Кавасе-документалист разительно отличается от Кавасе — постановщика игровых фильмов. Ее документальные работы больше похожи на видеодневники, в них она представляет максимально возможный личный подход и предстает рассказчиком, буквально оголяющимся перед зрителем. В «Рождении и материнстве» Кавасе достигает предельной степени интимности. Как и в большинстве ранних фильмов, она снимает свою приемную мать — «бабушку» — накануне ее 90-летнего юбилея. Фильм начинается со сцены, в которой она принимает ванну, а Кавасе очень крупными планами снимает ее тело и грудь. Монтажной рифмой следует съемка ее собственной груди и проверка у врача на наличие рака. Одна из самых трогательных сцен — день рождения матери. Но Кавасе и предельно жестка: она снимает их разговор о ране, которую ей нанесли в детстве, и доводит мать до слез. Кроме того, на камеру зафиксировано и то, как ее везут в больницу на машине «скорой помощи», а затем и тело уже умершей матери. В оппозиции к этой смерти — рождение ребенка. Собственные роды Кавасе тоже сняла и вставила в этот фильм. Чуть подросшего сына она отводит на могилу бабушки. Все это происходит всего за 40 минут, и за это время Кавасе вынимает всю душу из зрителя. Эта «бабушка», приемная мать, появляется как минимум в шести ее фильмах, снимаемых на протяжении 15 лет, и становится зрителю почти родной. Вот «Увидев небо» — самая лаконичная и в то же время очень характерная для этого периода работа:



Кавасе всю свою жизнь провела в префектуре Нара. Она активно участвует в жизни своего небольшого города, работает над бесплатной муниципальной газетой, снимает о местной жизни кино, пишет по мотивам своих фильмов книги.
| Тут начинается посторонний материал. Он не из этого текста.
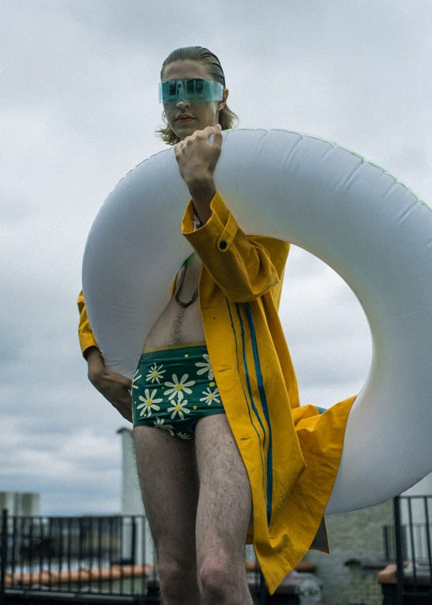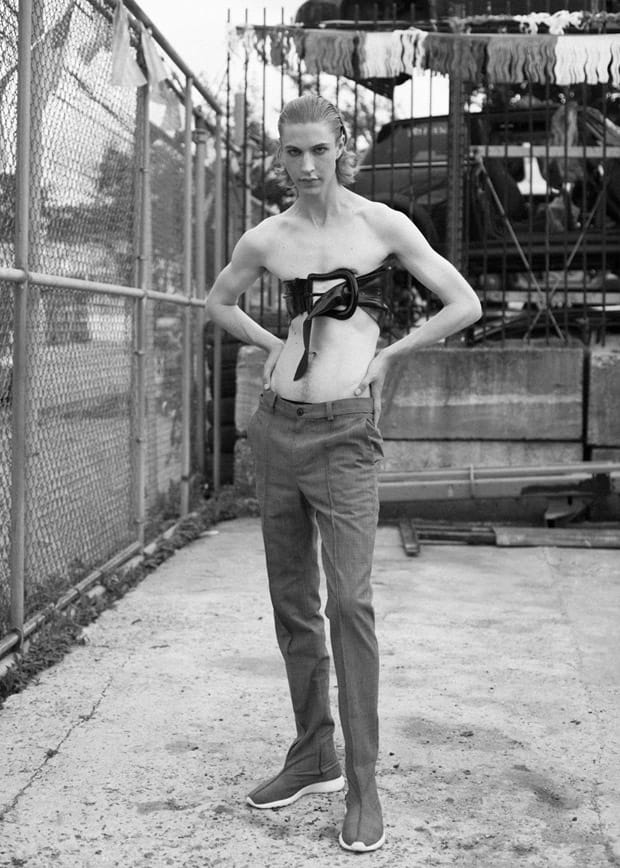 For the session Andrew is wearing selected pieces from up and coming NYC designers such as Tableaux Vivants, Kenneth Ning, Hardeman, Queenie Cao, Laruicci, Rochambeau, Bcalla, Músed, Paom X Danky Dank, and Drty Smmr.” – Malemodelscene.net
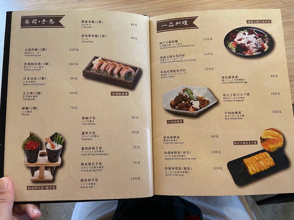 烤麻吉, 蒲燒鰻魚飯, 黑松露蒸蛋, 明太子玉子燒, 鮭魚卵手卷 蘆筍手卷, 綜合握壽司, 海膽鮭魚親子丼, 關西風炒麵, 鮭魚火山丼
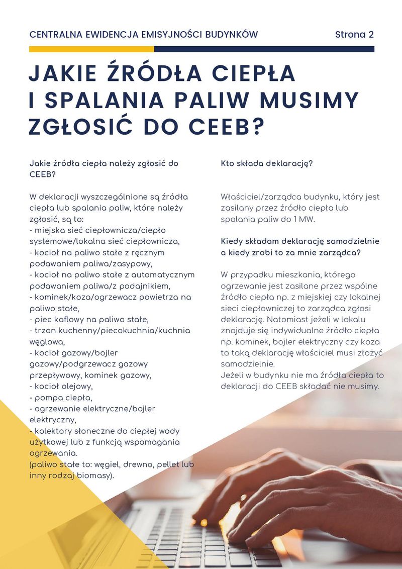 Już 1 lipca rozpoczyna się proces składania deklaracji do Centralnej Ewidencji Emisyjności Budynków (CEEB). Ma to na celu zebranie wszystkich danych dotyczących źródeł ciepła i spalania paliw w budynkach mieszkalnych i niemieszkalnych. CEEB została wprowadzona ustawą z dnia 28 października 2020 r. o zmianie ustawy o wspieraniu termomodernizacji i remontów oraz niektórych innych ustaw. Na podstawie ustawy każdy właściciel oraz zarządca budynku, w którym znajduje się źródło ciepła, został zobowiązany do przekazania deklaracji inwentaryzacyjnej w przewidzianych terminach.
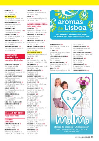 Rua Júlio César Machado, 1 Tel. 21 314 3494 FRANCISCO SÁ ATELIER CABELOS 4 D Rua Rodrigues Sampaio, 112 B Tel. 21 353 8484 HAIR FOREVER 6 G Rua do Telhal, 7 Tel. 21 347 8257 CON VIDA LIBERDADE · 51

Ее кино подчас определяется особенностями местности: это и упоминавшиеся длинные проходы в «Шаре», и словно неземные виды, открывающиеся из прорубленного туннеля в «Судзаку», и живописный лес в «Лесе скорби». Это одна и та же местность, постепенно открывающаяся по мере съемок новых фильмов: так соседи героев «Судзаку» отправляли своих родителей в дом престарелых, а сами герои на протяжении фильма разглядывали лес, который, как и дом престарелых, станет главным местом действия «Леса скорби». Своими фильмами Кавасе пишет летопись этой местности, описывает ее географию и создает свою страну имен — этих переливающихся названий и звуков, которые при переводе так и оставляют неприкосновенными: «Судзаку», «Шара», «Могари».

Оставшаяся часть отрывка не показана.